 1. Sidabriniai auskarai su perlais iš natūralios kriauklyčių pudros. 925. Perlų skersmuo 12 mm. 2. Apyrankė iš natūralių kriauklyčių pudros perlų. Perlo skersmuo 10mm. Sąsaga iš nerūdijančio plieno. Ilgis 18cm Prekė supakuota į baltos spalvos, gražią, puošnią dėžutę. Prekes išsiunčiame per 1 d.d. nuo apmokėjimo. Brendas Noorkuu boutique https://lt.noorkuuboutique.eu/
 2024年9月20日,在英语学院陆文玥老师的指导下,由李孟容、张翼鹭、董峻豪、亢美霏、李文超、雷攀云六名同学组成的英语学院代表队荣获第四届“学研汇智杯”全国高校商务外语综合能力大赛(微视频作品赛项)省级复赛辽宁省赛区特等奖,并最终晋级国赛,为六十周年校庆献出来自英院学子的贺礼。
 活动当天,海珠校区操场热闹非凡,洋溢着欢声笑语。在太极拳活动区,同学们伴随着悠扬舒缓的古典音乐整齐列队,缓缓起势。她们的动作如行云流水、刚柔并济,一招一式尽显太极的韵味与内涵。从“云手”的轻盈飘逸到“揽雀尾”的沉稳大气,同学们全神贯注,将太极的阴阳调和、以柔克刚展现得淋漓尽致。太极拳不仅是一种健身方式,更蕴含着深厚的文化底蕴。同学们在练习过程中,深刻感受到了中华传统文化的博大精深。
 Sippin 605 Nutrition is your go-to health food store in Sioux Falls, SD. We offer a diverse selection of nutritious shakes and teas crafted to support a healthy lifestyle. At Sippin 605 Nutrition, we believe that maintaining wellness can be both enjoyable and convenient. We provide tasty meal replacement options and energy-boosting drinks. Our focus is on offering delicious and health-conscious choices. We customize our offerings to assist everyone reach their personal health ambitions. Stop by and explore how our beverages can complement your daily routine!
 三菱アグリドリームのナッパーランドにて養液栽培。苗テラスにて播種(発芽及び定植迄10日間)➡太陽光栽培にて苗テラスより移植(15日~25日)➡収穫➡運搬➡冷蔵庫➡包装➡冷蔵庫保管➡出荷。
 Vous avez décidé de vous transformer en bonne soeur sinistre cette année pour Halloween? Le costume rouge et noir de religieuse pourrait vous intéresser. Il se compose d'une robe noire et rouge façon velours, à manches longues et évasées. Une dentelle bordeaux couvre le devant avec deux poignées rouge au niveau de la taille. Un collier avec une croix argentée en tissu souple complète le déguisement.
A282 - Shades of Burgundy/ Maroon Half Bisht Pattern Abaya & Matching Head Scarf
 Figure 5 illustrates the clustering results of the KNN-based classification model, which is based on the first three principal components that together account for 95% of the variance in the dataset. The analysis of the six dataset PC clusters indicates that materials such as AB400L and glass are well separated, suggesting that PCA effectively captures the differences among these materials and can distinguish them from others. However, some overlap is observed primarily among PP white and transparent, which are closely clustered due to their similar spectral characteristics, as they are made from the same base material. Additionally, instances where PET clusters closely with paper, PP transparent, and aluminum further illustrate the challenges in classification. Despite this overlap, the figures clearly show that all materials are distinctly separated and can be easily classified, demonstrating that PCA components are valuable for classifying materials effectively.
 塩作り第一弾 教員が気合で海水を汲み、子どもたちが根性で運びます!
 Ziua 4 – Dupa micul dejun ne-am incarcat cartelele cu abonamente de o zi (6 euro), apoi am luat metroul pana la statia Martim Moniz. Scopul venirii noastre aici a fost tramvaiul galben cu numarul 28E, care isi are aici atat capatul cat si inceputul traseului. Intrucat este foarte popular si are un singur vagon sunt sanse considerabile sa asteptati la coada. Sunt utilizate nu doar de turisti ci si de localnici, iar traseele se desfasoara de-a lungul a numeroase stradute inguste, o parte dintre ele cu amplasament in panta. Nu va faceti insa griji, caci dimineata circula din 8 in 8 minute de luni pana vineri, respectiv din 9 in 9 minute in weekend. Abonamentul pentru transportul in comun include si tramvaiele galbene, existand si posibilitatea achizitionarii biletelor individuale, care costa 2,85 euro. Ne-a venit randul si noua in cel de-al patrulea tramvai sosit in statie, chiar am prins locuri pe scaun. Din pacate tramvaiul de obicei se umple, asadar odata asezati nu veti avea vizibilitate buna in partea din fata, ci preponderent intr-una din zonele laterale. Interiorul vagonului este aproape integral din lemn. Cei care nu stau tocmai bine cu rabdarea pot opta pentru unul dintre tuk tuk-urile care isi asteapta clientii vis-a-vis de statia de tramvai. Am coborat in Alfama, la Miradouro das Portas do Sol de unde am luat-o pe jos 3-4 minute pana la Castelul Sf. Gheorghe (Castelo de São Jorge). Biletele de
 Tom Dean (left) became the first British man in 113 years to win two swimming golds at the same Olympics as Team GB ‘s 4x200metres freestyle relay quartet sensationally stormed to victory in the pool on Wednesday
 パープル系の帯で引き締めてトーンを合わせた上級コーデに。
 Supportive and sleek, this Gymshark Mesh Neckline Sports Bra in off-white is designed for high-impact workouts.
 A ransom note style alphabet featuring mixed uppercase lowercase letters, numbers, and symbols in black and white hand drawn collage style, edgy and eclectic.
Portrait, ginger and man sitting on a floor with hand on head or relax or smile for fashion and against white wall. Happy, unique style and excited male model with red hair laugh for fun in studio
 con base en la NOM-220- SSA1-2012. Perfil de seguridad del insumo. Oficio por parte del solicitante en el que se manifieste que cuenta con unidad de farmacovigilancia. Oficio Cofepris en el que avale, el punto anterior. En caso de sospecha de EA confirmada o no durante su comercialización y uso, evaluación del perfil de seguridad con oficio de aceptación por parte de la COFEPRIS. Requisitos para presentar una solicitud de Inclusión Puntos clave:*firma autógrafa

WHAT YOU ARE ASKED TO DO
There is a line with "三菱アグリドリームのナッパー" and a line with "塩作り第一弾 教員が気合で海水を汲み、子どもたちが根性で運びます!" above. Copy exactly those two lines and all lines between them, with nothing else.

RESULT BELOW
 三菱アグリドリームのナッパーランドにて養液栽培。苗テラスにて播種(発芽及び定植迄10日間)➡太陽光栽培にて苗テラスより移植(15日~25日)➡収穫➡運搬➡冷蔵庫➡包装➡冷蔵庫保管➡出荷。
 Vous avez décidé de vous transformer en bonne soeur sinistre cette année pour Halloween? Le costume rouge et noir de religieuse pourrait vous intéresser. Il se compose d'une robe noire et rouge façon velours, à manches longues et évasées. Une dentelle bordeaux couvre le devant avec deux poignées rouge au niveau de la taille. Un collier avec une croix argentée en tissu souple complète le déguisement.
A282 - Shades of Burgundy/ Maroon Half Bisht Pattern Abaya & Matching Head Scarf
 Figure 5 illustrates the clustering results of the KNN-based classification model, which is based on the first three principal components that together account for 95% of the variance in the dataset. The analysis of the six dataset PC clusters indicates that materials such as AB400L and glass are well separated, suggesting that PCA effectively captures the differences among these materials and can distinguish them from others. However, some overlap is observed primarily among PP white and transparent, which are closely clustered due to their similar spectral characteristics, as they are made from the same base material. Additionally, instances where PET clusters closely with paper, PP transparent, and aluminum further illustrate the challenges in classification. Despite this overlap, the figures clearly show that all materials are distinctly separated and can be easily classified, demonstrating that PCA components are valuable for classifying materials effectively.
 塩作り第一弾 教員が気合で海水を汲み、子どもたちが根性で運びます!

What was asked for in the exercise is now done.